▶ [Description of the task]:
A faithful copy of the listing below is needed, one that contains no pictures.

▶ [Dataset excerpt]:
──────────
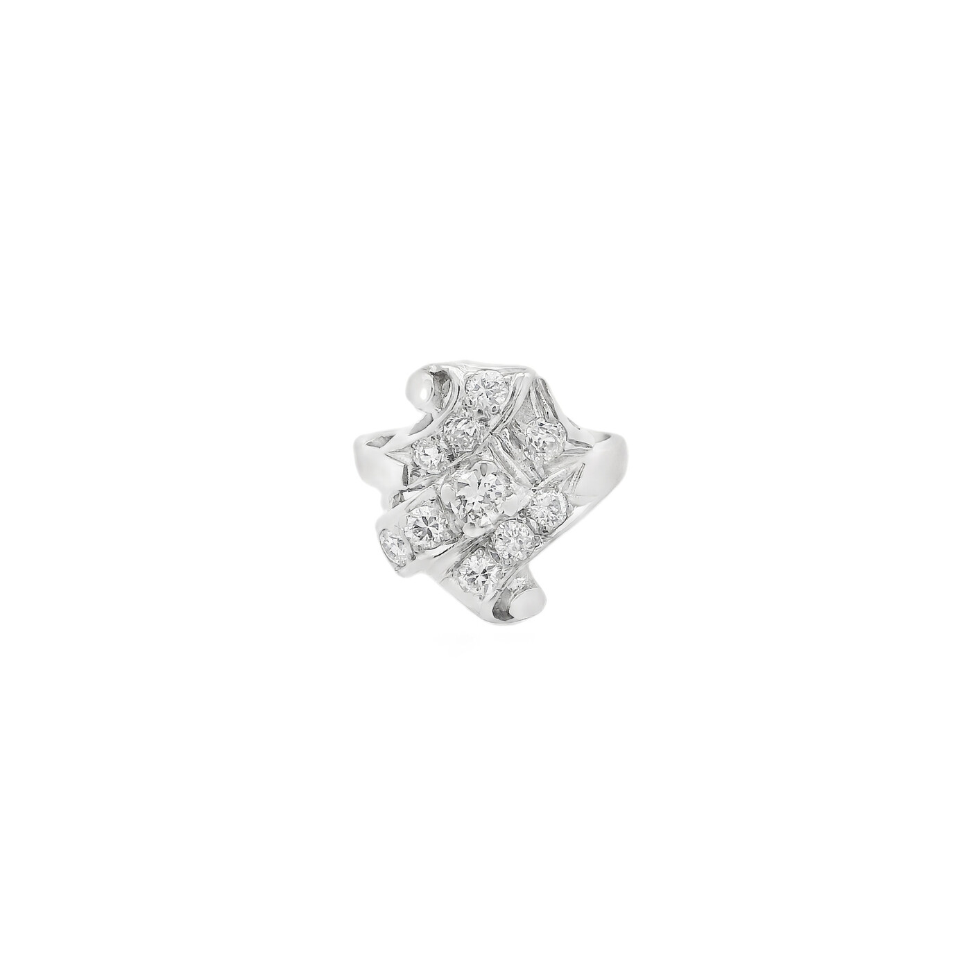 This 1950s white gold ring features sparkling diamonds set in an Art Deco scroll-inspired design. The elegant arrangement of stones highlights vintage sophistication in a timeless silhouette.
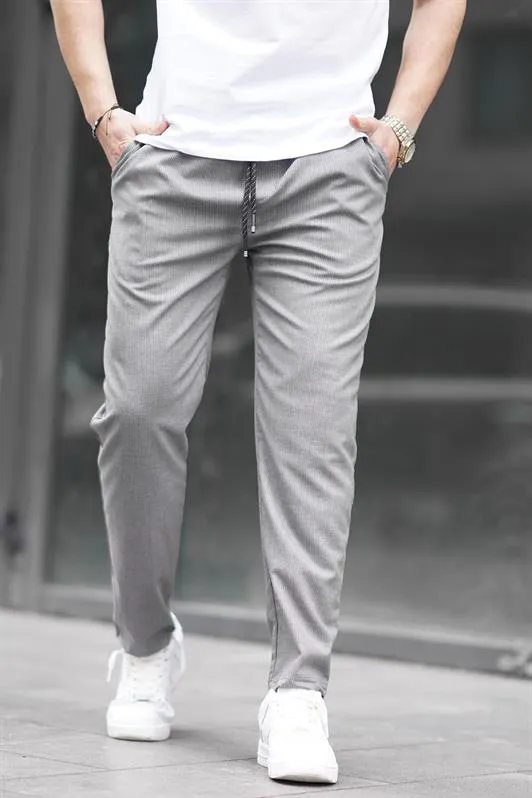 بنطال رياضي رجالي طويل مخطط، عريضة خصر مرن وجيوب مزدوج، من 100٪ قطن، مريح للتمارين اليومية والكاجوال.
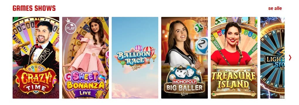 Her finner du klassiske bord som Blackjack, Roulette og Baccarat, men også spesialiserte varianter som Speed Baccarat, Lightning Roulette og Infinite Blackjack. I tillegg finnes det populære Game Shows, som Crazy Time og Monopoly Live, for de som ønsker en mer underholdende og showaktig opplevelse.
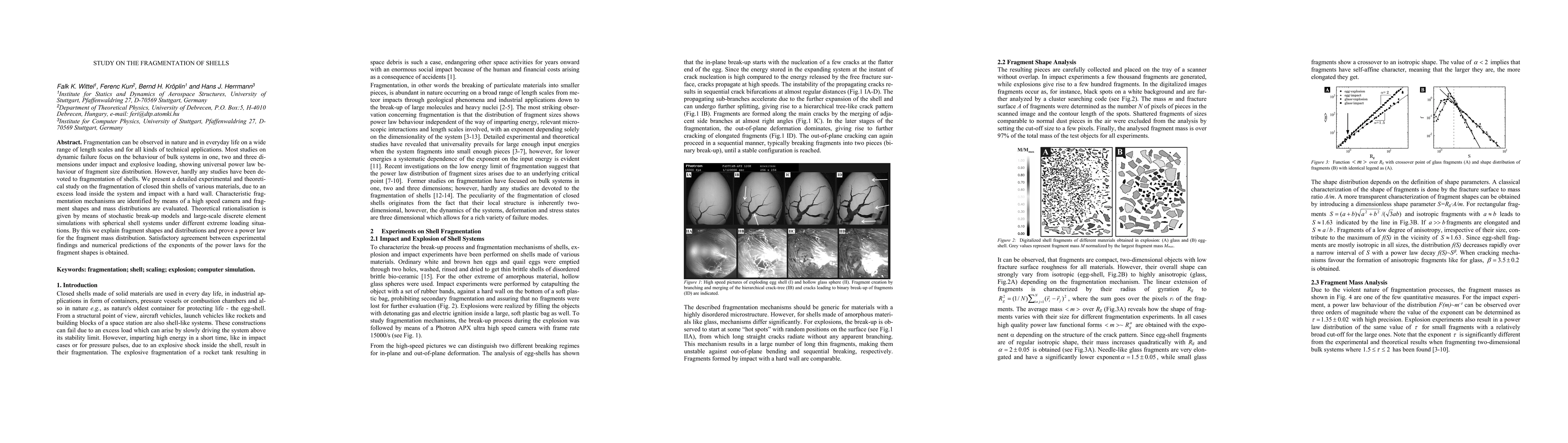 This paper investigates the fragmentation mechanisms of thin shells under internal pressure and impact, identifying characteristic patterns through high-speed imaging and theoretical models. It demonstrates a power law for fragment mass distribution and validates theoretical predictions with experimental results.
──────────
▶ [Solution to this problem]:
 This 1950s white gold ring features sparkling diamonds set in an Art Deco scroll-inspired design. The elegant arrangement of stones highlights vintage sophistication in a timeless silhouette.
 بنطال رياضي رجالي طويل مخطط، عريضة خصر مرن وجيوب مزدوج، من 100٪ قطن، مريح للتمارين اليومية والكاجوال.
 Her finner du klassiske bord som Blackjack, Roulette og Baccarat, men også spesialiserte varianter som Speed Baccarat, Lightning Roulette og Infinite Blackjack. I tillegg finnes det populære Game Shows, som Crazy Time og Monopoly Live, for de som ønsker en mer underholdende og showaktig opplevelse.
 This paper investigates the fragmentation mechanisms of thin shells under internal pressure and impact, identifying characteristic patterns through high-speed imaging and theoretical models. It demonstrates a power law for fragment mass distribution and validates theoretical predictions with experimental results.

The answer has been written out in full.